Douglas Durkin was a Canadian novelist, short story writer and screenwriter.

Biography

Douglas Leader Durkin was born in Parry Sound, Ontario, Canada, but moved with his family to Swan River, Manitoba, during his youth. He worked as a professor of English literature at Brandon College and the University of Manitoba between 1911 and 1921, when he moved to New York City, leaving behind his wife and children. He taught creative writing briefly at Columbia University before turning to a full-time writing career with fellow-novelist Martha Ostenso. Durkin and Ostenso married in 1945, after the death of his first wife, and lived together, first in New York and later in Minnesota, until Ostenso's death in 1963. Durkin died in Seattle, Washington, in 1967.
Durkin is best known for his 1923 novel The Magpie, set during the Winnipeg General Strike and dealing with issues of worker's rights.
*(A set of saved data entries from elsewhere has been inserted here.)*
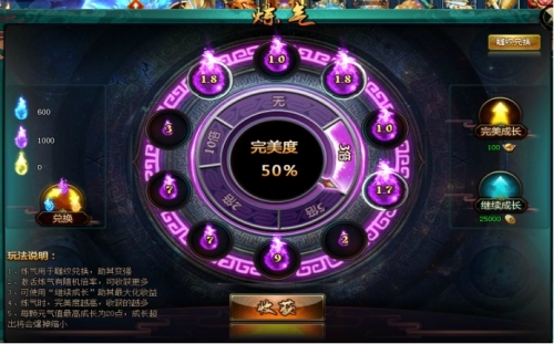 炼气系统:通过炼气系统获得蓝元气、紫元气、橙元气,可以兑换同等品质的雕纹。升级雕纹,战力大涨。
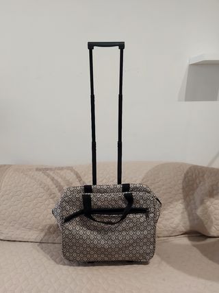 Maleta de viaje nueva todavía lleva el plástico protector. Conserva ticket de compra original, lleva un golpe en un lateral. - Cuatro ruedas para facilitar el transporte en perfecto estado. - Color plateado.
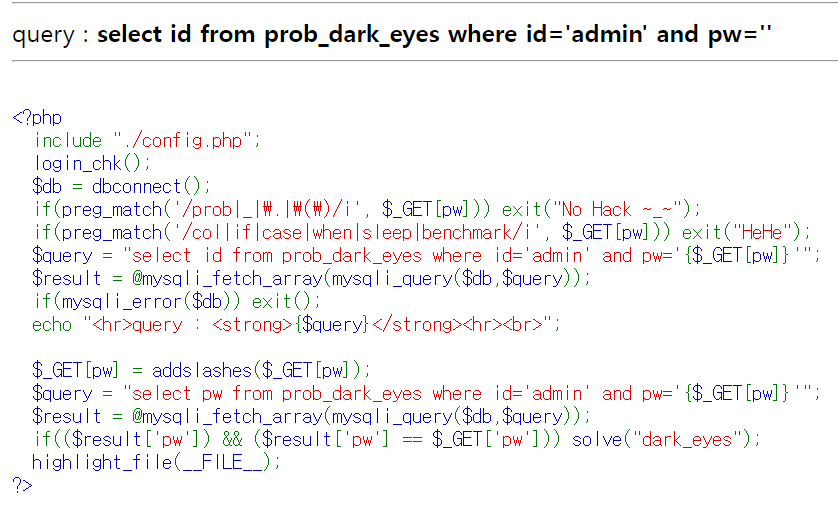 $query = "select pw from prob_dark_eyes where id='admin' and pw='{$_GET[pw]}'";

It is considered a valuable contribution to the emergence of realism in Canada, particularly prairie realism.
Durkin is also known for his relationship with Ostenso. Durkin and Osteno met at the University of Manitoba where she was his student; shortly after Durkin moved to New York, where Ostenso followed him. It has been suggested that Durkin contributed significantly to Ostenso's first novel, Wild Geese, a fact that was kept secret because Wild Geese won the 1925 Dodd, Mead and Company Best Novel of the Year Award, which could only be awarded to first-time novelists.
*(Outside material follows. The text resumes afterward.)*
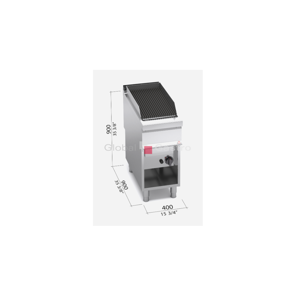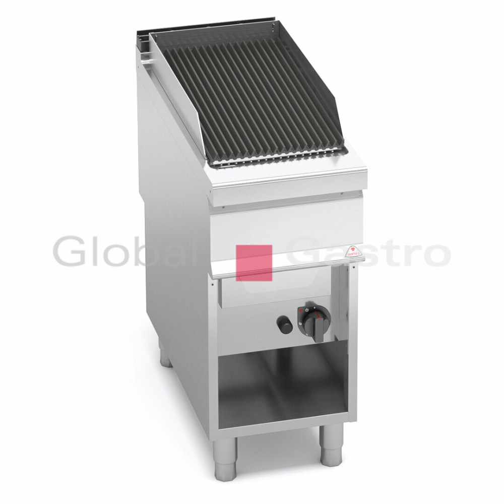 Regulace teploty ventilem s horní a dolní pozicí. Nádrž na vodu pod varnou zónou, vyrobená z nerezové oceli se zaoblenými hranami a výpustným otvorem. Univerzální grilovací litinový rošt s postraními lemy.
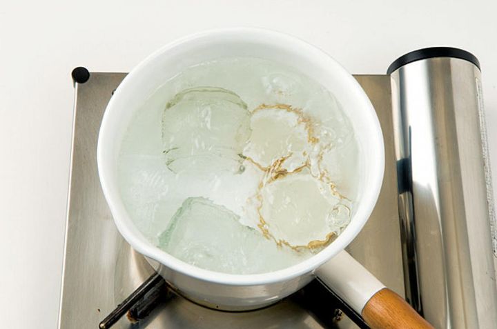 鍋に保存びんが完全に沈むくらいの量の湯を沸かし、よく洗った清潔な保存びんとふたを入れ、3〜4分沸騰させる。

In 1958, at the end of their writing careers, Ostenso and Durkin signed a legal agreement stating retroactively that every novel published under the name "Martha Ostenso" had in fact been collaboratively written by Ostenso and Durkin. This may account for why Durkin published only one novel after The Magpie, the darkly humorous Mr. Gumble Sits Up. Durkin did continue to publish short stories under his own name as well as under the pseudonym "Conrad North," a nickname apparently given to him by Ostenso.